• _Material for this task_:
----

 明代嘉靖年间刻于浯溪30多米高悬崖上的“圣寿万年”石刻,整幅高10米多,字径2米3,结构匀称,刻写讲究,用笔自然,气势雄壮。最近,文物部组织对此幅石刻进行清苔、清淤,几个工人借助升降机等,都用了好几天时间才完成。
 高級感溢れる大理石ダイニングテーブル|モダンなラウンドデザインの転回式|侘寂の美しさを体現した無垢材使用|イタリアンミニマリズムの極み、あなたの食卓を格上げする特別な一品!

----

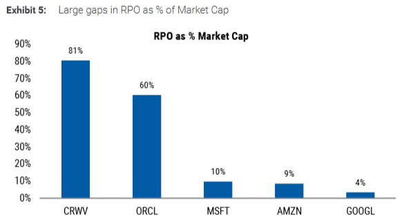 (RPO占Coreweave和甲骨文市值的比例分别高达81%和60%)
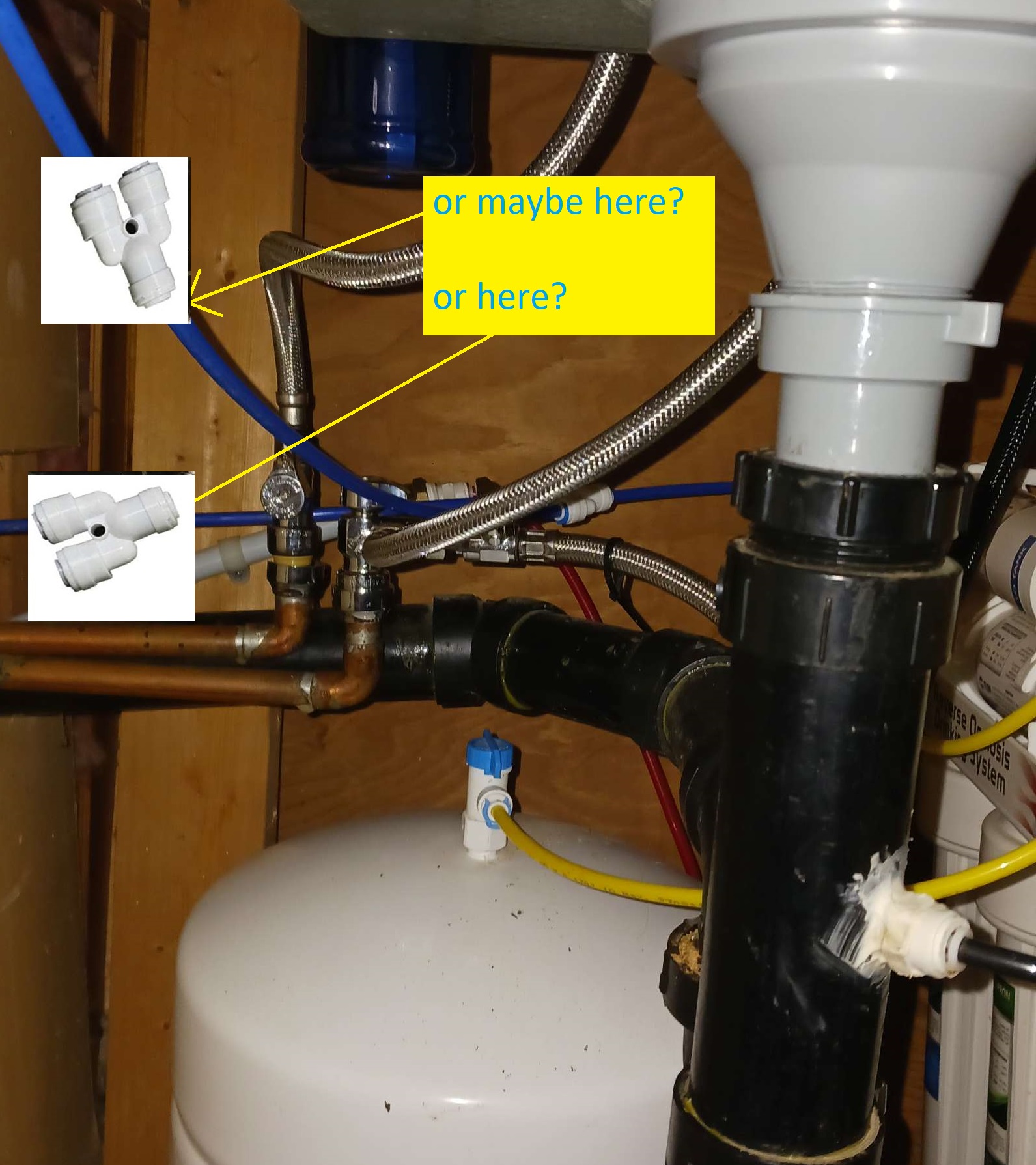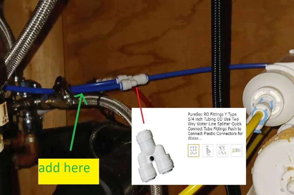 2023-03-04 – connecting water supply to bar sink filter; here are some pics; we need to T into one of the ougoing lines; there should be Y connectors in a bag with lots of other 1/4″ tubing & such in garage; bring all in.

----

• _Problem requirements_: Of the entries above, transcribe exactly those lines that fall between the line containing "明代嘉靖年间刻于浯溪30多米" and the line containing "高級感溢れる大理石ダイニング", together with those two lines.

• _Your solution_:
 明代嘉靖年间刻于浯溪30多米高悬崖上的“圣寿万年”石刻,整幅高10米多,字径2米3,结构匀称,刻写讲究,用笔自然,气势雄壮。最近,文物部组织对此幅石刻进行清苔、清淤,几个工人借助升降机等,都用了好几天时间才完成。
 高級感溢れる大理石ダイニングテーブル|モダンなラウンドデザインの転回式|侘寂の美しさを体現した無垢材使用|イタリアンミニマリズムの極み、あなたの食卓を格上げする特別な一品!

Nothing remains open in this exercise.